# Placidochromis phenochilus "Mdoka-White Lip"



## lambretta (Oct 31, 2019)

just brought one of these from the not so local lfs
tank of juvs mainly white body colour but 2 were very blue 
i had one of the ones showing blue
would these have been dominant males in the tank or is that just wishful thinking


----------



## lambretta (Oct 31, 2019)

should add since it has gone into the tank with bigger fish although still blue has gone much paler


----------



## gverde (Mar 3, 2010)

Mdoka white lips as juveniles do not have white bodies. Only the lips are white. They should all exhibit blue to purple bodies even females.


----------



## lambretta (Oct 31, 2019)

they all looked very pale in the tank except for the 2 that were very blue 
really good and trustworthy lfs that are featured in uks practical fishkeeping this month
was looking at one fish and they told me it was an hybrid rather than taking my cash


----------



## noki (Jun 13, 2003)

Placidochromis phenochilus Mdoka is supposed to be similar to C. moorii, maybe silvery when real small but both sexes get blue. Koning's says they are blue at 6cm which is quite young.

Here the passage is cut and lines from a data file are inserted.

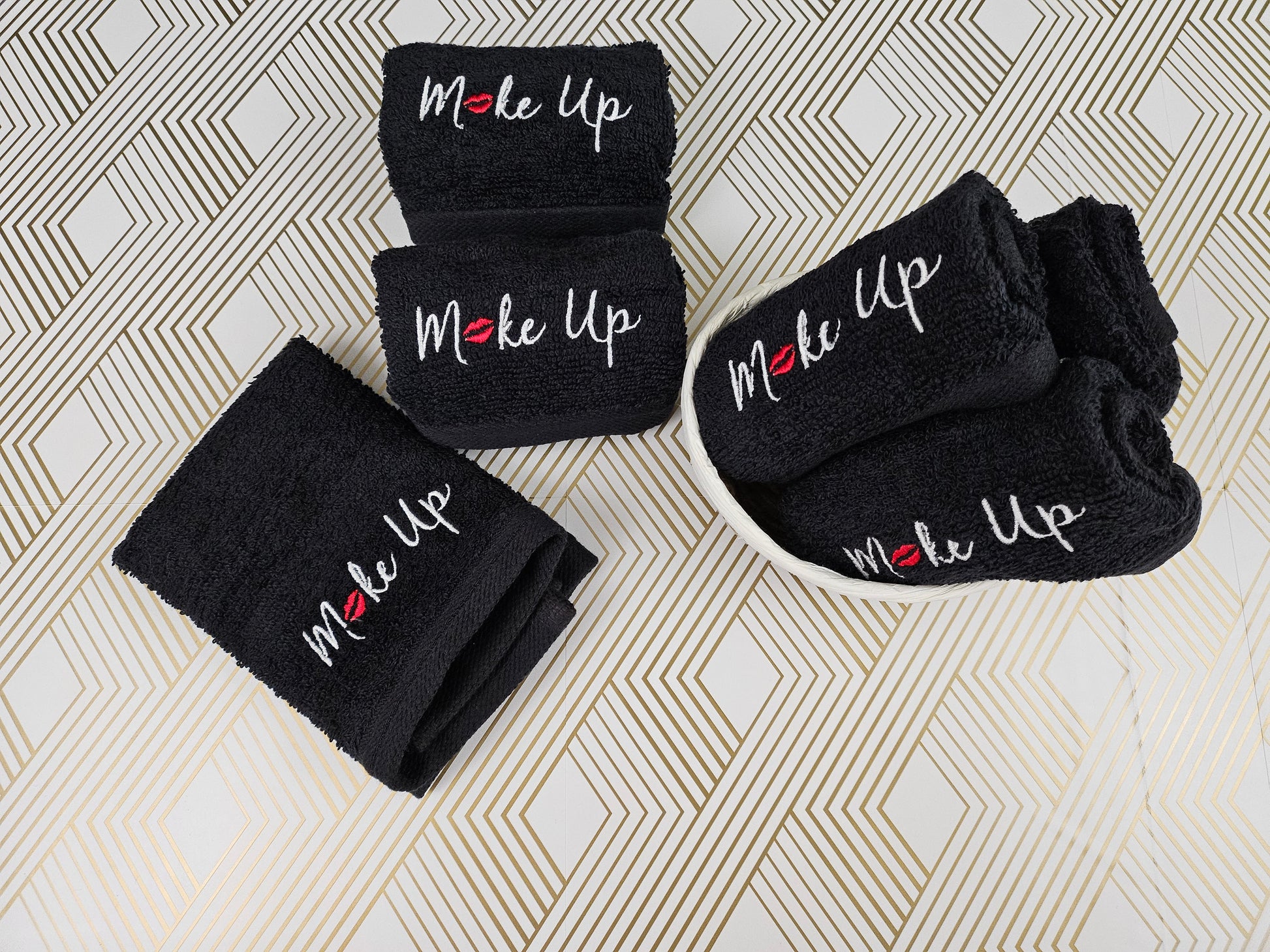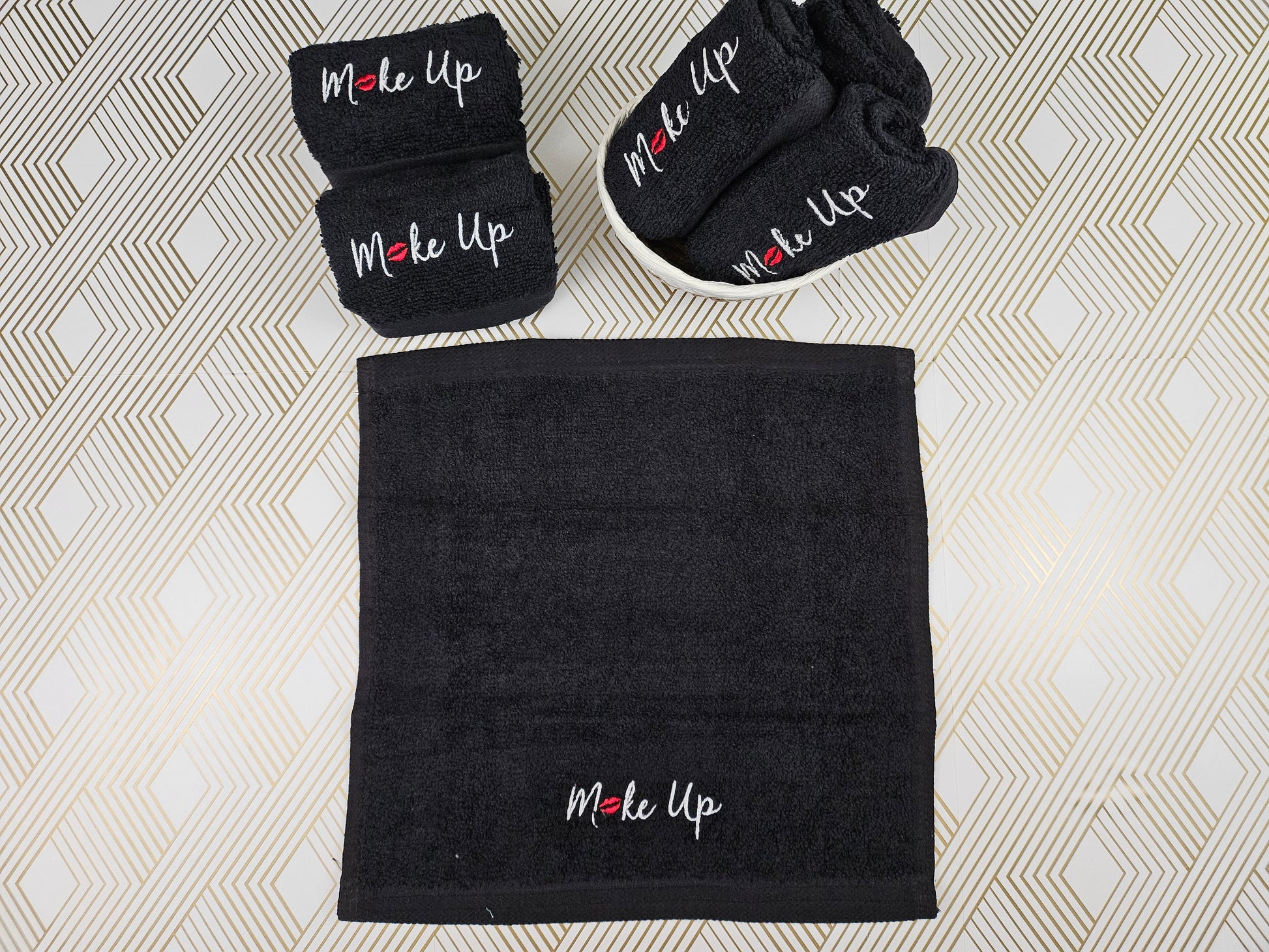 Reusable Makeup Towels – Black Terrycloth with Red Lipstick Embroidery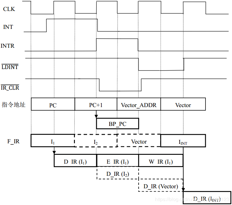 若不跳转,INTR上升沿打入BP_PC的断点是地址PC+2。信号#IR_CLR是持续一个CLK周期的低电平(如下图20中的虚线所绘)。根据前述气泡(bubble)机制把指令I3(PC+2对应的指令)清除,指令I1和I2都顺序经过流水线。
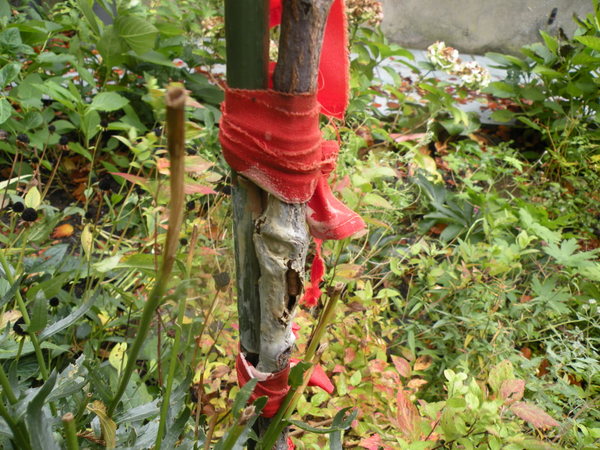 Rien à perdre, le tronc restait encore attaché par un petit lambeau, j'ai remis le tronc en place, je l'ai fixé au tuteur tous les 10 cm, j'ai coupé toutes les fleurs et réduit la masse de feuilles et j'ai appliqué une baume cicatrisante sur la cassure....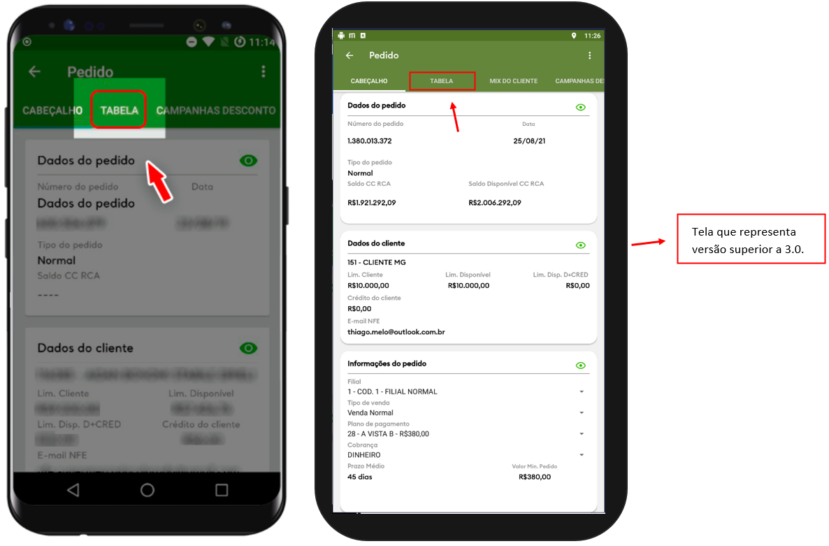 7. Já na tela de pedidos, vamos localizar a aba TABELA e clicar nesta opção.

By white I assume you mean more silvery. The largest males would get the most intense color, so you probably did get a male, assuming that there isn't some sort of tank mix up.

Compare to this video


----------



## lambretta (Oct 31, 2019)

yes i suppose silvery is a better description 
all in the tank were about the same size so fingers crossed on mine being male,the shop worker thought it would be and all their staff are very knowledgeable , venting when possible and sound advice on mixing fish


----------